Let Agogo,la minilaiterie modèle
Face à l'adversité, Haïti est une terre d'inventivité. Jeannette vend son lait 75 gourdes (1,3 €) près de là , à la minilaiterie Let Agogo. Veterimed en a créé une quinzaine, regroupant de 50 à 300 producteurs dont les bouteilles remplacent le lait en poudre étranger dans les cantines locales.
Sa directrice, Rosanie Moise Germain, imagine un « modèle Let Agogo » dans toutes les productions. « Dès qu'on met une laiterie dans une zone, on a du mal à faire face : il y a beaucoup de lait ! Si on exploite les potentialités, avec beaucoup d'efforts, on peut réduire les importations. C'est la même chose pour les fruits, on en perd beaucoup, faute de routes. » Les fruits, c'est le domaine d'Anatraf qui fabrique confitures, jus et liqueurs dans 51 ateliers dispersés dans le pays.

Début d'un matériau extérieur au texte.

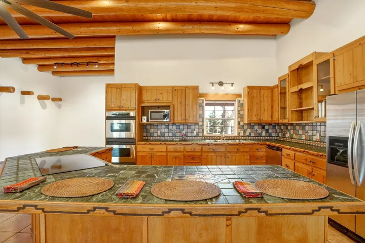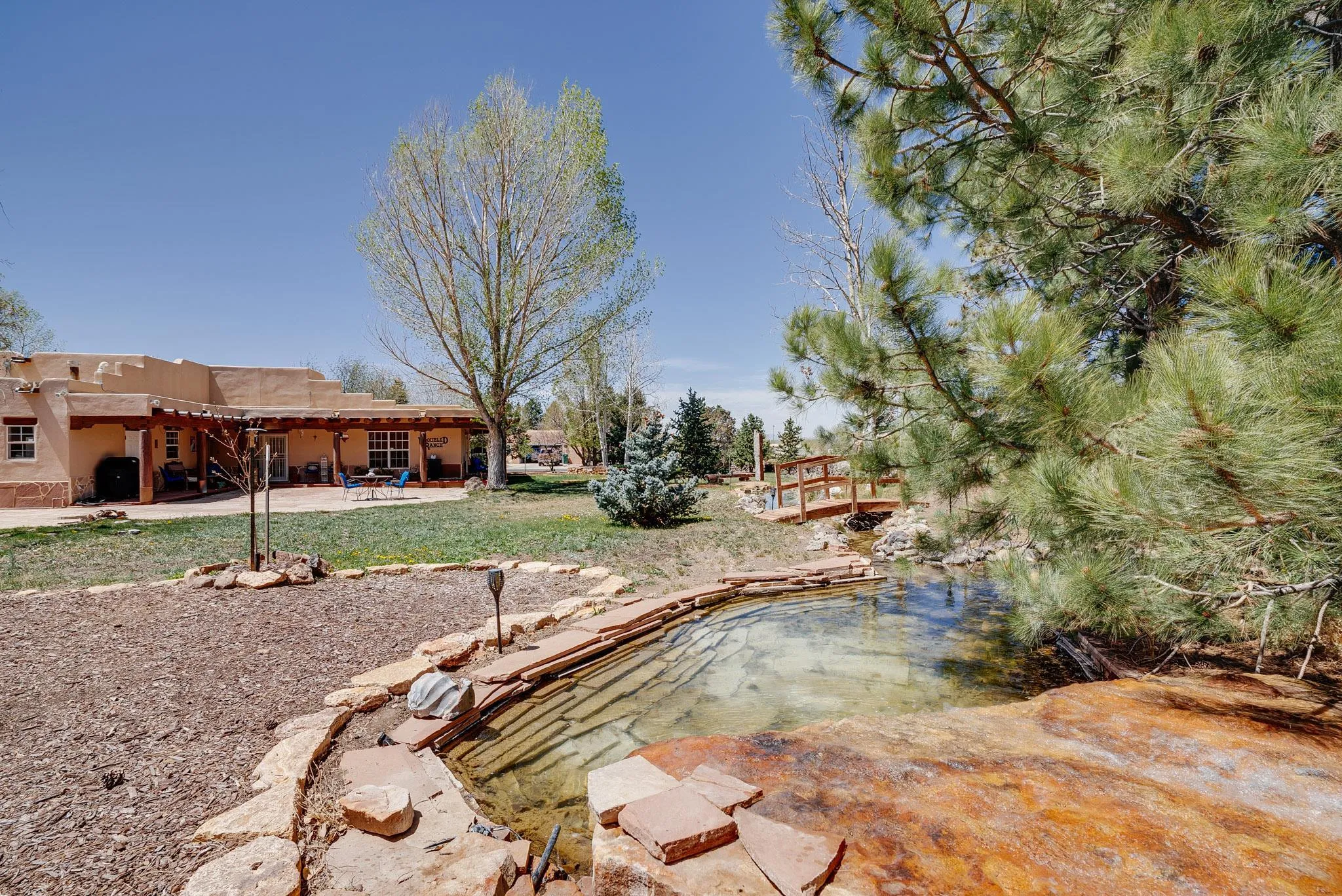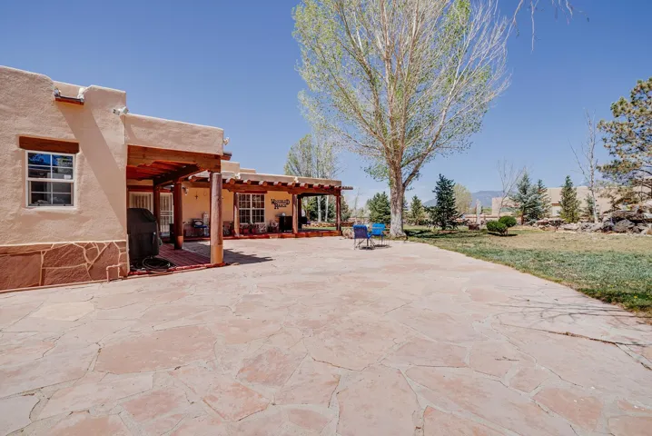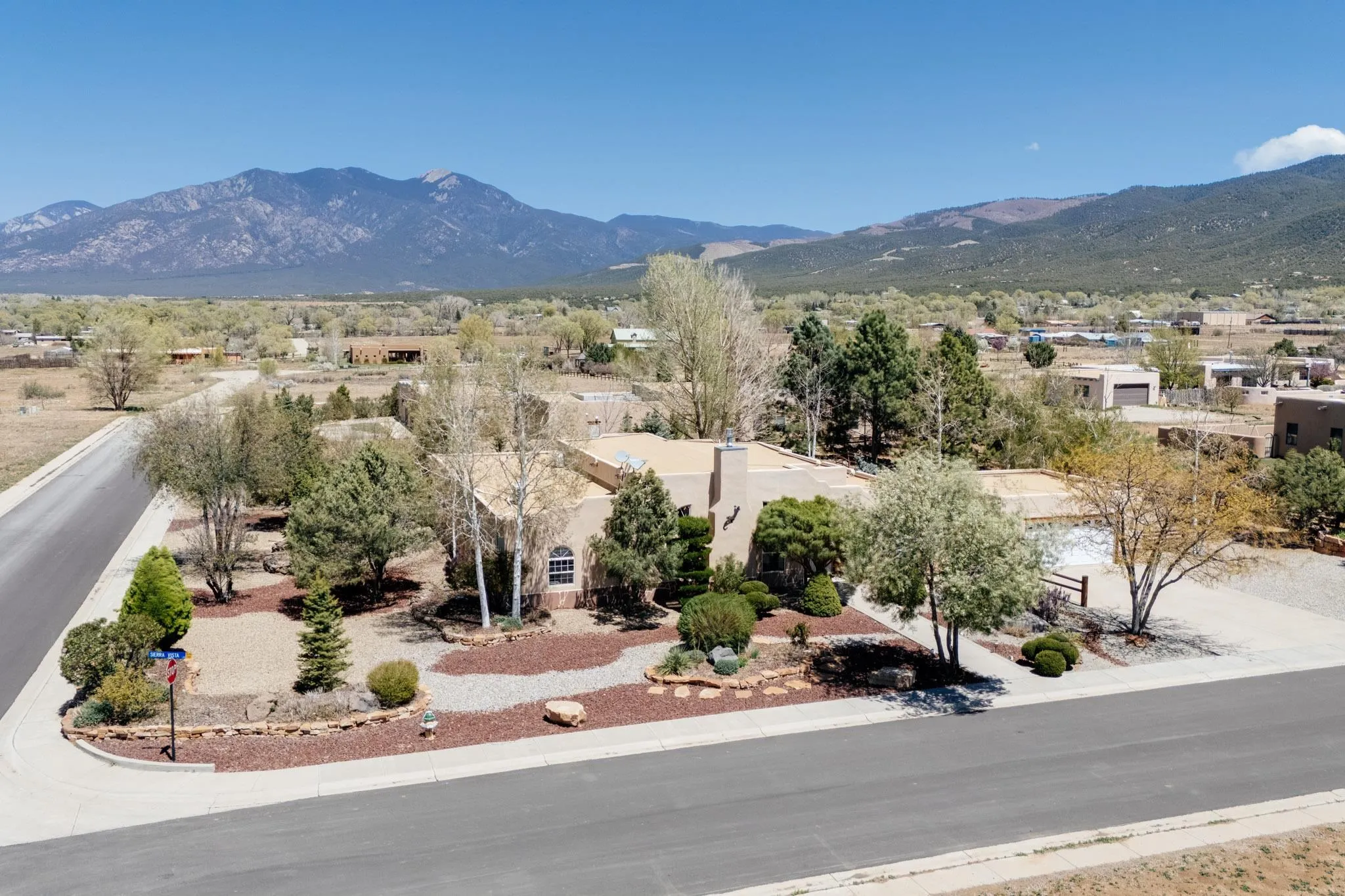 Welcome to this spacious 4-bedroom, 3-bathroom home offering approximately 3,400 square feet of comfort, character, and Southwestern charm in the Vegas De Taos subdivision. Set on a peaceful .68-acre lot, this in-town property combines convenience with a sense of privacy, complete with paved roads, sidewalks, and a welcoming community atmosphere. The beautifully curated grounds feature multiple water features, lush lawn areas, raised garden beds, and a diverse collection of mature trees, including conifers, deciduous varieties, and fruit trees. Enjoy mountain views, big open skies, and a thoughtful blend of low-maintenance xeriscaping in the front with a vibrant backyard retreat. Rock walls and wood fencing create a variety of inviting outdoor spaces, perfect for relaxing or entertaining. Inside, the grand great room impresses with 14-foot vaulted ceilings, custom woodwork, and radiant floor heating, complemented by efficient split units for year-round comfort. French doors off the dining area open to a generous covered veranda, ideal for indoor-outdoor living. The kitchen is designed for both function and gathering, featuring stainless steel appliances, a double oven, a smooth-surface cooktop on the island, a 3-basin sink, and a large island with seating for up to eight. A formal dining room offers additional space for hosting. The west wing includes two guest bedrooms, a spacious full bathroom, and a private primary suite with hickory Pergo flooring, a sitting area or office nook, a whirlpool tub, a separate shower, and an oversized walk-in closet. The east wing offers an additional bedroom, a guest bath, a large pantry, hall storage, and a laundry room with access to the covered breezeway and detached two-car garage. Located just minutes from downtown Taos, the hospital, and local amenities, this property offers a rare combination of space, comfort, and a true in-town homestead feel.

Lait, fruits, café qui a sa filière commerce équitable... « Il y a dans le pays une quantité inimaginable de projets », commente Michel Chancy, le père de Veterimed, aujourd'hui secrétaire d'État à la Production animale. Le problème : « Les élites ne sont pas intéressées. »

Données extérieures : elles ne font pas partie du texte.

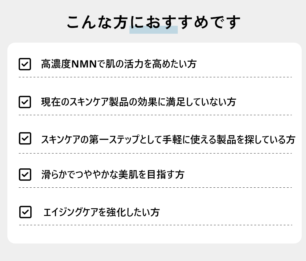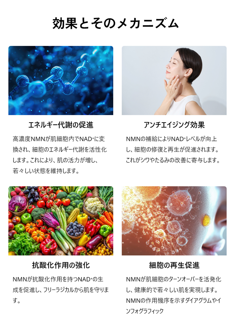 高濃度NMN配合のこの製品で、内側から若々しい肌を実感しませんか?
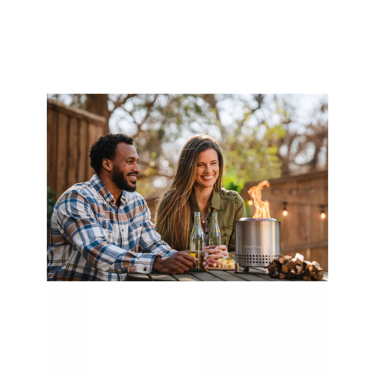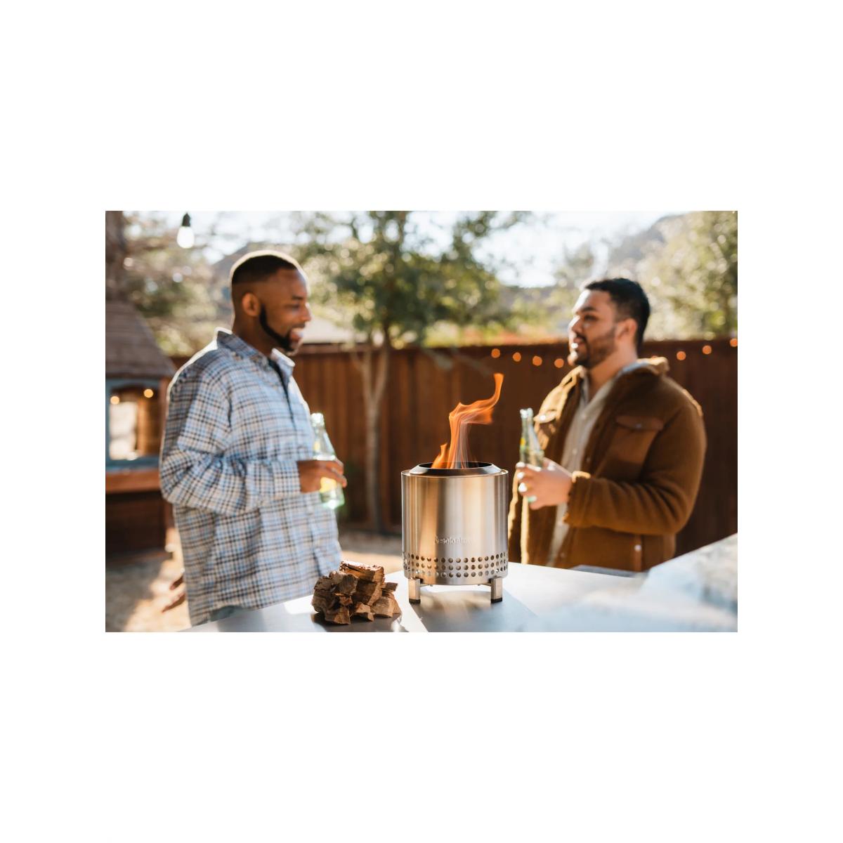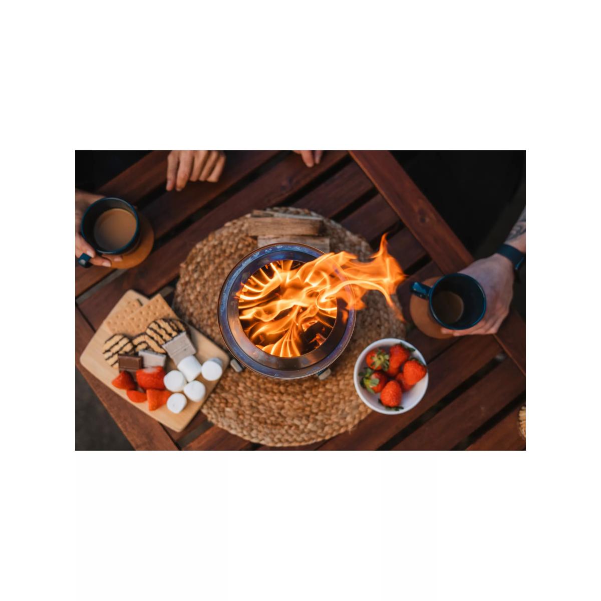 Mesa XL from Solo Stove is a tabletop firepit with dual fuel capability and a smokeless design. Mesa XL nests inside its included stainless steel stand and comes with a stainless steel flame ring and a portable nylon carry bag. Unique to this firepit, Mesa comes with a pellet adapter allowing you to burn pellets, Solo Stove Mini Oak Firewood, Solo Stove Mini Beech Wood or traditional hardwood. Smokeless The brand's Signature 360° Airflow super-heats air to burn off smoke before it can get to your clothes and hair. And without that pesky 'post-fire' smell, teary eyes or a game of musical chairs to dodge smoke, you can enjoy ultimate warmth without sacrificing comfort. Portable tabletop design Weighing in at just over 1kg, this tabletop firepit is easy to take with you where it's permitted. Spark up smokeless adventures everywhere you go, whether you're camping, tailgating, partying at the beach or just enjoying your outdoor oasis, pack up your firepit in the included carry case and get moving. Outdoor use only Mesa is for outdoor use only. It's made as a tabletop firepit, sized perfectly for outdoor dining tables and should always be used with its included stand on a stable surface. Even while using the stand, the firepit burns extremely hot, and hot air may gather underneath. Do not use on heat-sensitive materials. Do not ever leave Mesa unattended on or near a combustible surface, even when it's cooling down. Long-lasting 304-grade stainless steel is highly durable, surprisingly lightweight and won't cave under the pressure of an ultra-hot flame. Count on your firepit to hold up to all of your experiences, wherever you take it. It'll last a lifetime and has the warranty to prove it. Care and maintenance Your Solo Stove firepit needs very little maintenance. But if you want to ensure season after season of relaxing evenings around the fire, we suggest you follow these basic care tips. Choose the right wood — Hardwoods, such as oak, pecan, or hickory, and harder softwoods, such as juniper and cedar, are the best fuel for your firepit. These varieties are seasoned, meaning all the moisture has been evaporated. Wet or damp wood will create a smoky flame, as well as make your firepit harder to clean. Be careful when using wood pellets in your firepit, as the pellets can fall into the ash pan and block the airflow to the fire. After use — After your fire has gone out, check to make sure your firepit is cool to the touch. If so, tip the firepit upside down to empty the ashes. If you're unable to tip over your firepit, you can also use a shop vacuum to remove the ash. Then, we recommend you store your firepit in a cool, dry location. Gold and blue 'patina' — It's completely normal for gold and blue hues to emerge on your firepit after a handful of burns. This 'patina' is a badge of honour to how many fires you've enjoyed. The patina is caused by the firepit's 304-grade stainless steel reacting to the intense heat generated inside your firepit, but it doesn't affect its performance. However, if you like to keep your firepit or camp stove as shiny as the first time you took it out of the box, you can polish it up with Bar Keepers Friend cleaning product. Using a damp rag, rub a small amount of Bar Keepers Friend along the outside of your firepit in the direction of the stainless steel's grain.

Il faudrait que la minorité qui a l'argent investisse, valorise, commercialise. « Chaque fois que la bourgeoisie vient me voir, je l'encourage à faire alliance avec les organisations paysannes, en veillant seulement à ne pas les dominer. Au pays de la révolution anti-esclavagiste, l'investisseur peut être vite déchouqué(déboulonné) ! »
En attendant que les deux sociétés haïtiennes se rapprochent, le petit peuple, dont l'immense majorité gagne moins de 2 dollars par jour, s'est organisé avec le soutien de la diaspora et d'une myriade d'associations de solidarité internationale.
Dans le département de Jacmel, la coordination Croseréunit quelque 30 000 adhérents qui agissent par territoires, filières ou catégories (jeunes, femmes...). Elle est aidée, entre autres, par la Région Bretagne pour organiser les pêcheurs et les marchandes de poisson.
« Un mouvement social fort »
Sur le Plateau central, le Mouvement paysan papaye (MPP) de Chavannes Jean-Baptiste, soutenu par Frères des hommes, mobilise tous azimuts quelque 60 000 paysans. Crose, MPP et deux autres organisations viennent de constituer une plateforme pour « avoir un mouvement social fort », comme ditle leader de Crose, Gérald Mathurin.
La vitalité de la société civile haïtienne s'exerce de plus en plus en conjuguant production agricole et défense de l'environnement. Les adhérents de Crosedu secteur de Jacmel ont réalisé une maquette en trois dimensions, avec l'aide d'un volontaire français, Florian Delerue, pour visualiser et combattre la dégradation des mornes et les inondations qui viennent encore de frapper Jacmel.
Loin d'ici, au nord, dans le secteur de Gros Morne, avec SOS Enfants sans Frontières, les paysans retiennent l'eau des bassins versants en construisant des miniretenues dans les ravines et trouvent des revenus en développant le maraîchage et en surgreffant les fruitiers.
La « République des agronomes » ne manque ni de connaissances, ni d'énergie, ni de sens collectif. Le nouveau gouvernement a aussi fait de l'agriculture sa priorité. « L'ouverture totale des frontières, en 1986, a créé un gros traumatisme. Aujourd'hui, tout le monde s'en mord les doigts. Il faut protéger l'agriculture et je crois qu'on peut, par exemple, reprendre 30 à 40 % du marché du lait », ajoute Michel Chancy au gouvernement.
Mais, l'équipe du Premier ministre, Michèle Pierre-Louis, aura-t-elle le temps et les moyens ? Au terme d'une année calamiteuse, les attentes, donc les risques de déception, sont énormes.